No, among the 9 acres of items on display, the museum selected for its likeness a generator trucked away from Spokane more than 30 years ago.

The generator, substantial, if not massive in it’s own right, is attached to turbine No. 4 removed from the Monroe Street Dam in 1990. It would have been scrapped like the other four turbines in the dam, but for multiple strokes of luck.

Since 1992, it has been one of the main exhibits on electrical generation at the museum in Dearborn.

“That’s a great example, if you will, of a connection that was made that allowed the institution to tell the story in a convincing and really powerful way and preserve a piece of equipment,” said J. Marc Greuther, vice president of historical resources and chief curator of the Henry Ford Museum, who worked on the project readying the turbine for display in the museum.

By the late 1980s, Washington Water Power, now Avista, determined that the dam’s powerhouse built in 1889, which was just east of the Monroe Street Bridge, was deteriorating, and the turbines inside it were obsolete and not worth maintaining.

“We decided to redevelop the project, which at the end of the day meant razing the existing building and everything in it and putting in a new powerhouse which is substantially underground,” said Steve Wenke who was Washington Water Power’s project manager for the removal of the turbines and powerhouse of the Monroe Street Dam.

The outcome of the project: “We basically replaced five units with one unit and tripled the output.”

Company officials advertised the old turbines in trade publications as free for the taking, Wenke said, not expecting any bites.

Meanwhile, in Dearborn John Bowtich of the Henry Ford Museum was contemplating a vast change to the museum that would celebrate American innovation.

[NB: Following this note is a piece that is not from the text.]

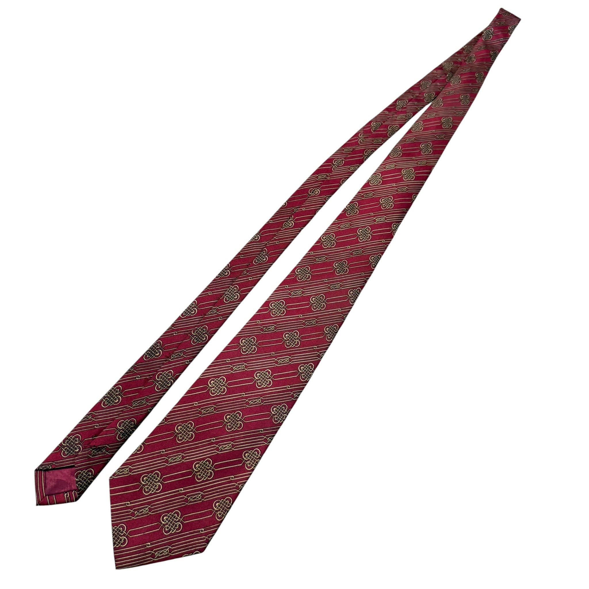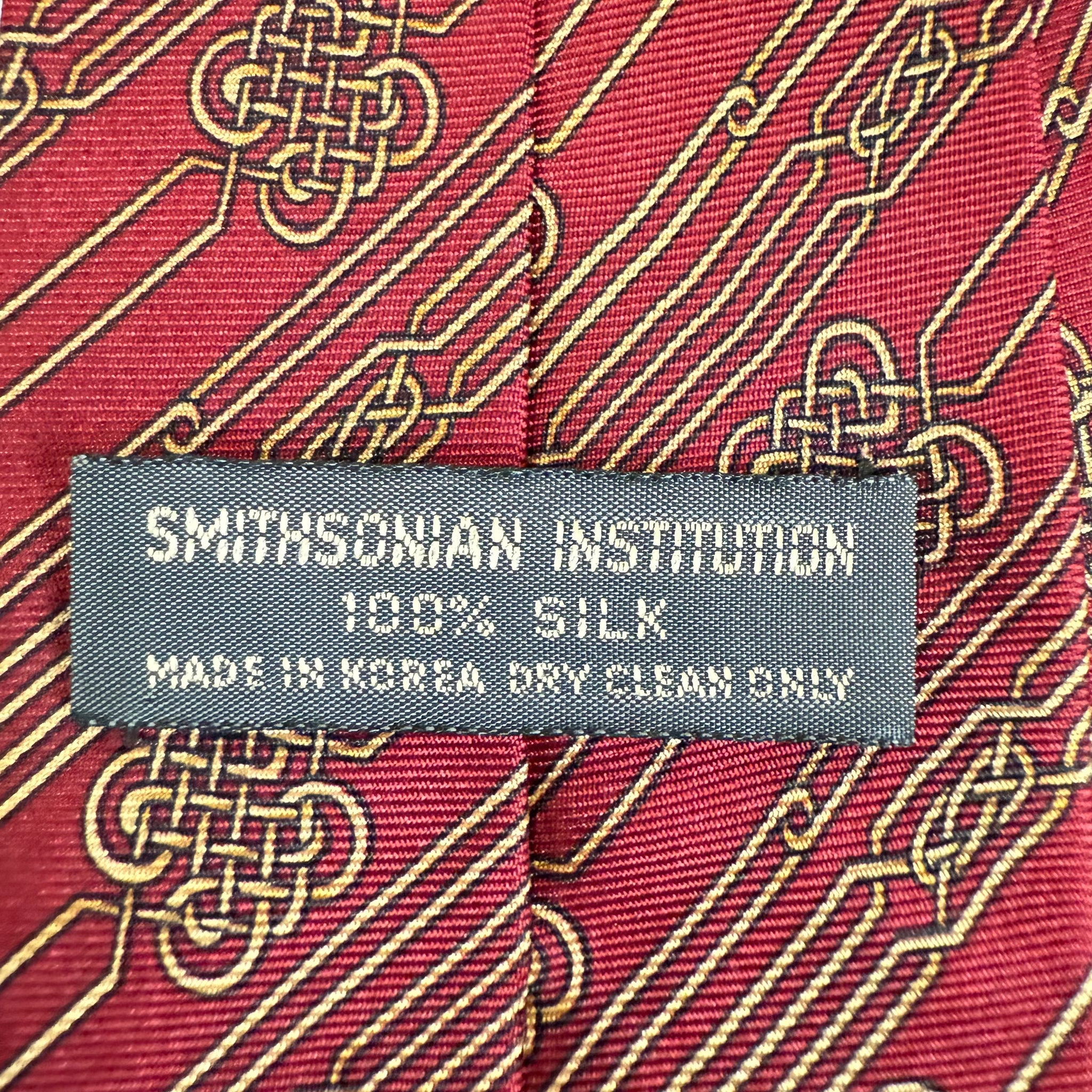Vintage late-80s/90s Smithsonian Institution 100% silk tie in a burgundy geometric chain-link pattern. Made in Korea. Smooth silk with a classic museum-gift-shop design, perfect for collectors, academics, or anyone who loves refined vintage menswear.

The museum had a vast collection on steam power. But Bowtich didn’t believe the exhibit led most visitors to a greater understanding of electricity or even steam power.

“It was like an overly encyclopedic perspective on steam power,” Greuther said. “If you didn’t know what a steam engine was, here’s like hundreds of them, you know?”

Bowtich wanted to transform the exhibit on power to diversify it and make it more understandable and welcoming to visitors.

It was around this time that he saw in a publication of the Society for Industrial Archaeology a notice from Washington Water Power.

“And in a newsletter in spring of 1990 he saw this, it was on the back of the newsletter: ‘free water turbines,’ ” Greuther recalled.

Wenke and others at Washington Water Power were shocked they got a bite, but they took pride in salvaging a piece of Spokane history.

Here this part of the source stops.